Si les frasques tonitruantes de Slugabed ont su balayer d’un revers de main l’atmosphère quelque peu inanimée du Reflektor, c’est désormais au tour de Teebs de reprendre la main. Ce musicien, peintre et designer prend part à la fête en nous dévoilant certaines démos de ses travaux les plus récents et en nous gratifiant de ces morceaux ambiants enrobés d’effets dont seul l’artiste a le secret. Dialoguant avec son public, non sans une certaine timidité, Teebs empile les titres aux motifs accrocheurs, qui illustrent les singularités de sa personnalité ainsi que le côté hétercolite de sa discographie. Bien que certaines compositions semblent tourner à vide par leur longueur, on ne peut que pardonner ces faiblesses et se remettre en selle pour savourer des pépites où l’instrumental hip-hop est signe de renouveau.
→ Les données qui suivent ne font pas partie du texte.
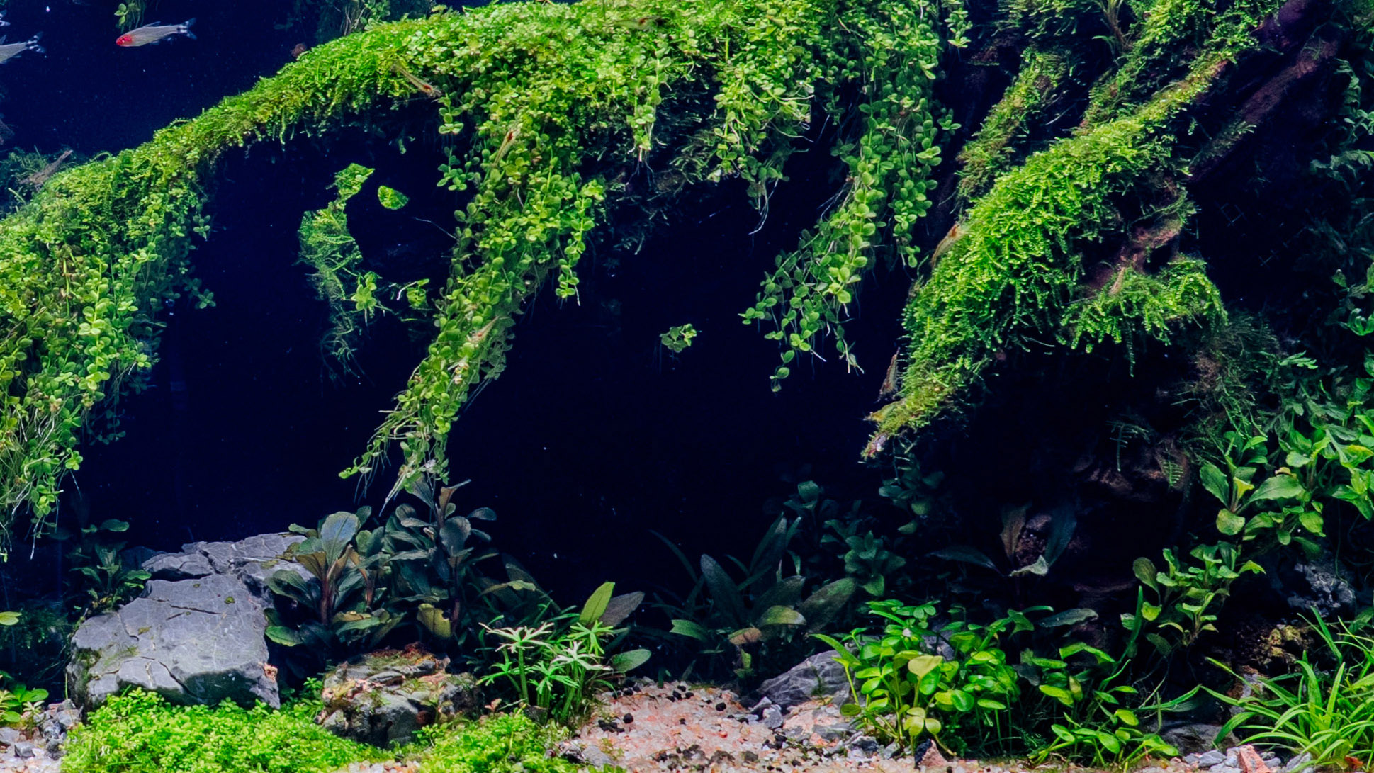 In this aquascape, I explore the hidden rhythm of nature—one not heard, but seen and felt in the silent choreography of light, water, and plant life. A massive piece of driftwood lies diagonally, like a fallen giant in the depths. From its branches, fine roots and aquatic plants hang downward, gently swaying with the unseen current. These flowing tendrils move not in chaos, but in a quiet, repeated pattern—like a musical phrase suspended in time. “Suspended Rhythm” speaks to the harmony between stillness and motion. The hanging roots mirror one another, creating visual echoes that draw the eye upward and inward, inviting a sense of calm and continuity. The repetition of these forms builds a visual tempo, a rhythm held in suspension, like notes of a melody waiting to be resolved. This layout is an ode to gravity, flow, and the quiet persistence of nature. It expresses how beauty can be found not only in what stands tall, but also in what gracefully descends—in the in-between space where life dangles, dances, and breathes.

La soirée se clôt sur le tant attendu Lapalux dont les structures musicales et les conceptions se révèlent être encore plus complexes que chez Teebs. Avec Ruinism, son troisième album, l’Anglais en profite pour bâtir  une réflexion à partir de nouvelles bases. Durant 1h30, l’artiste parvient à atteindre des sommets en nous emportant dans un autre cosmos, où les alternatives affluent et dans lequel tout semble vierge de vérité. Lapalux a saisi depuis longtemps que la musique possédait la capacité de bouleverser l’état des choses. Car c’est de cela dont se réclame le musicien : détruire pour mieux reconstruire. La profusion de ses idées le pousse à expérimenter toutes sortes de sonorités variées qui soulignent le caractère émancipateur et rêveur du maestro.  Et si tout était à refaire ?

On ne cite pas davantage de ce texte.